TASK DIRECTIONS: Give back exactly the lines of the entries below from the line with "Minimal modern workspace" to the line with "El primer documento", inclusive, and only those.

SOURCE INFORMATION:
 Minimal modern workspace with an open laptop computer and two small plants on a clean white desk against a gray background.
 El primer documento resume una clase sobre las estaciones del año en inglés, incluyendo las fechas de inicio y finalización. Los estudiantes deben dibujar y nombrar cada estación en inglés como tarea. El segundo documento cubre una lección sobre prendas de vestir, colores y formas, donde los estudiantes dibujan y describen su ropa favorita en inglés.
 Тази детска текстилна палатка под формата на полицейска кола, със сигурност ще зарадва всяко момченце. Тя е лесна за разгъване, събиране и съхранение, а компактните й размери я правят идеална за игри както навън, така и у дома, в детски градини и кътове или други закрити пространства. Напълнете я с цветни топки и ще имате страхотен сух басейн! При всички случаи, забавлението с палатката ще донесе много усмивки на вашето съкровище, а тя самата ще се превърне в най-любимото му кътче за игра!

...

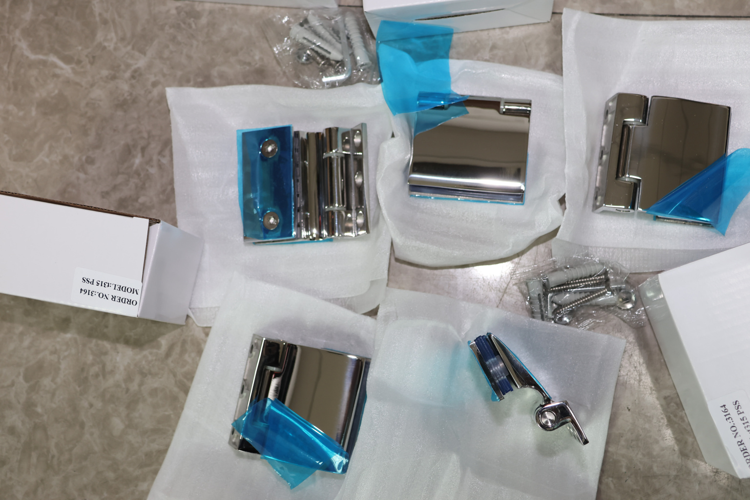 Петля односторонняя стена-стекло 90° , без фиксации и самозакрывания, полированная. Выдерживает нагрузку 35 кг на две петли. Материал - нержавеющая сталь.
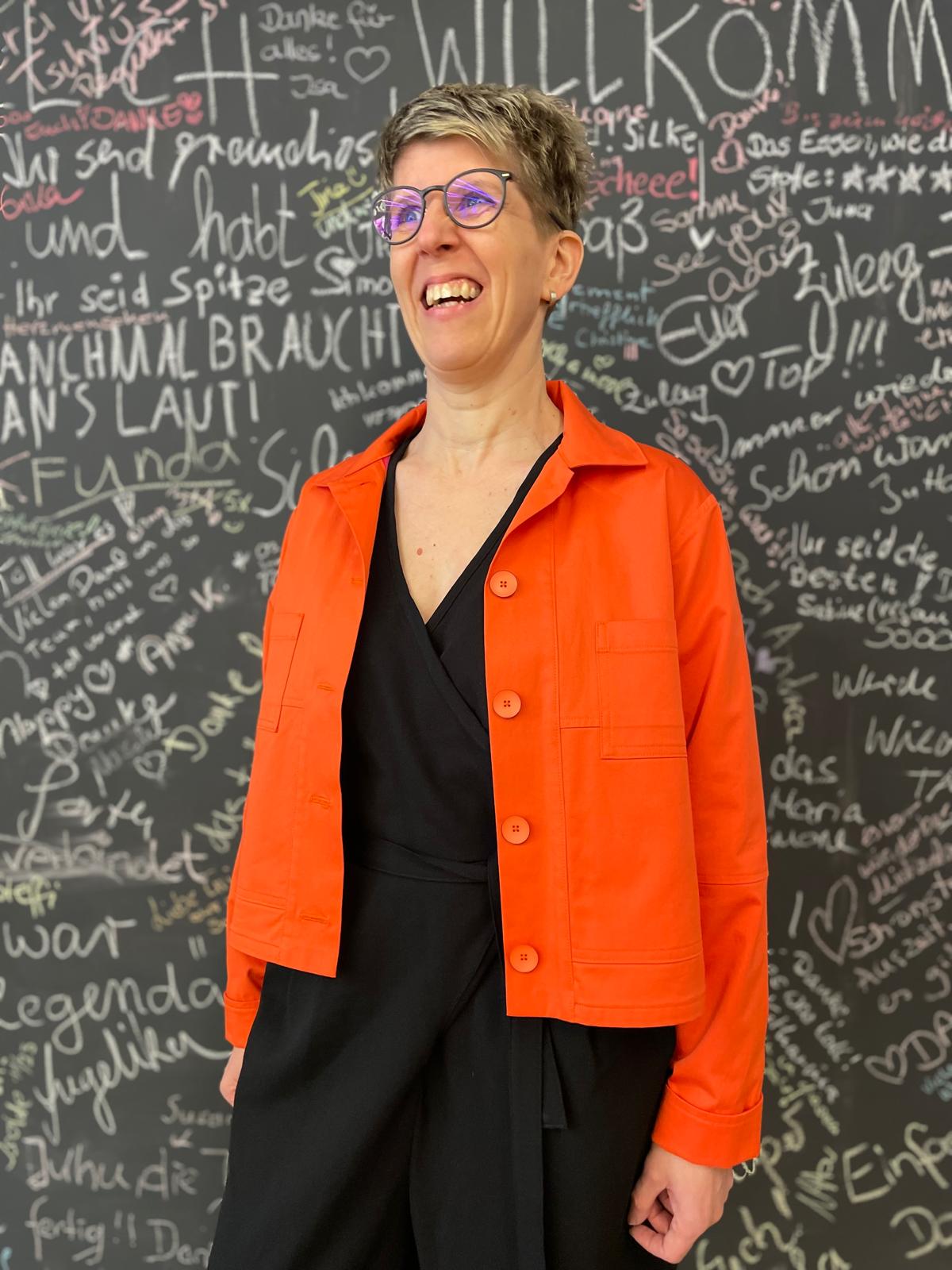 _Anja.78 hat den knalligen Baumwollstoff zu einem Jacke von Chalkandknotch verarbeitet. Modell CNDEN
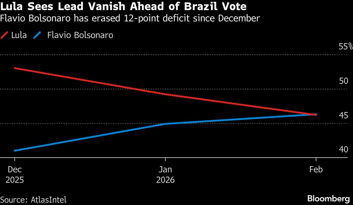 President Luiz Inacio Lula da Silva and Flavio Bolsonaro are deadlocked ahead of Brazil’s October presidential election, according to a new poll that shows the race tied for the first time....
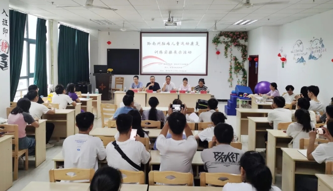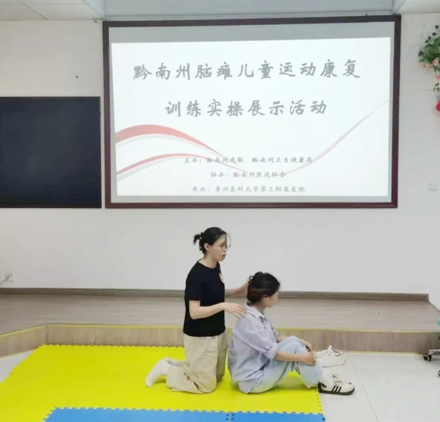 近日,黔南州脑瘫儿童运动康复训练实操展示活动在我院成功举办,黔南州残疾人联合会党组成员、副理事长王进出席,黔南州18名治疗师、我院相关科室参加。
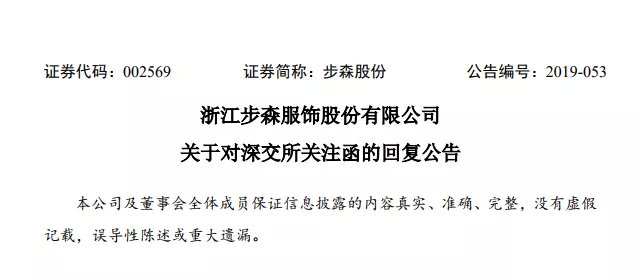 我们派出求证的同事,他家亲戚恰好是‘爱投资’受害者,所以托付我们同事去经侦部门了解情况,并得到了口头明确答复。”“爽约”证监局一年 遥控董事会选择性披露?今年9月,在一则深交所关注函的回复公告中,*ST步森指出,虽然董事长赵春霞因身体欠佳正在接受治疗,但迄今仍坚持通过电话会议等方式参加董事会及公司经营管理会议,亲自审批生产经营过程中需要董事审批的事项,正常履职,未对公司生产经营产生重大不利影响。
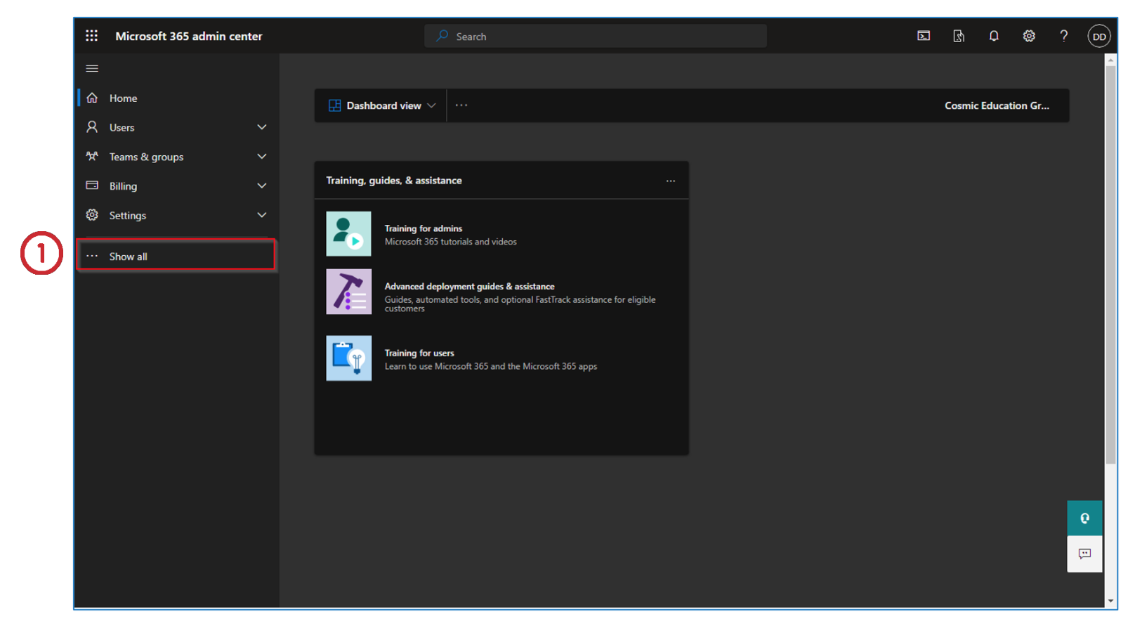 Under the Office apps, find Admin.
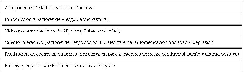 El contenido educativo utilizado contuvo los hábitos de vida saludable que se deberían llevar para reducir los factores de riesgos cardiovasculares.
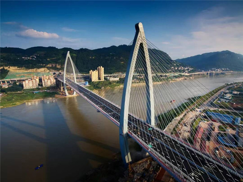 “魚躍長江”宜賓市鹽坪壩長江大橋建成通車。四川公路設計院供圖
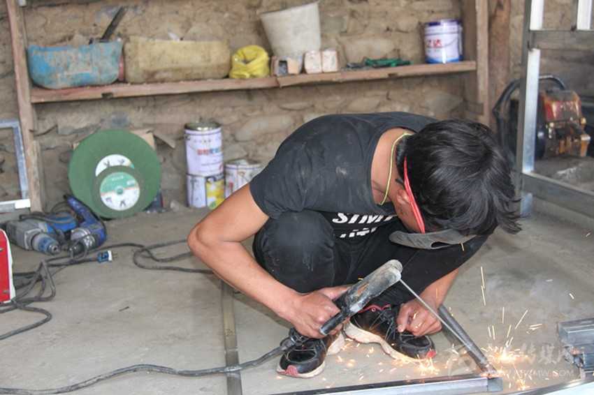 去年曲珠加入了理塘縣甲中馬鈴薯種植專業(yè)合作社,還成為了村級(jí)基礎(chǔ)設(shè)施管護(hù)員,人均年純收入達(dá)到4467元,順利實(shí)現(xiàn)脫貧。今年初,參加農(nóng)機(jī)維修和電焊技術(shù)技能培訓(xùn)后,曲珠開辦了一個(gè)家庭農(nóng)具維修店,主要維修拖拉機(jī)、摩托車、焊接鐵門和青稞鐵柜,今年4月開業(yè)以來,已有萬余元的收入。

OUTPUT FOR THIS EXERCISE:
 Minimal modern workspace with an open laptop computer and two small plants on a clean white desk against a gray background.
 El primer documento resume una clase sobre las estaciones del año en inglés, incluyendo las fechas de inicio y finalización. Los estudiantes deben dibujar y nombrar cada estación en inglés como tarea. El segundo documento cubre una lección sobre prendas de vestir, colores y formas, donde los estudiantes dibujan y describen su ropa favorita en inglés.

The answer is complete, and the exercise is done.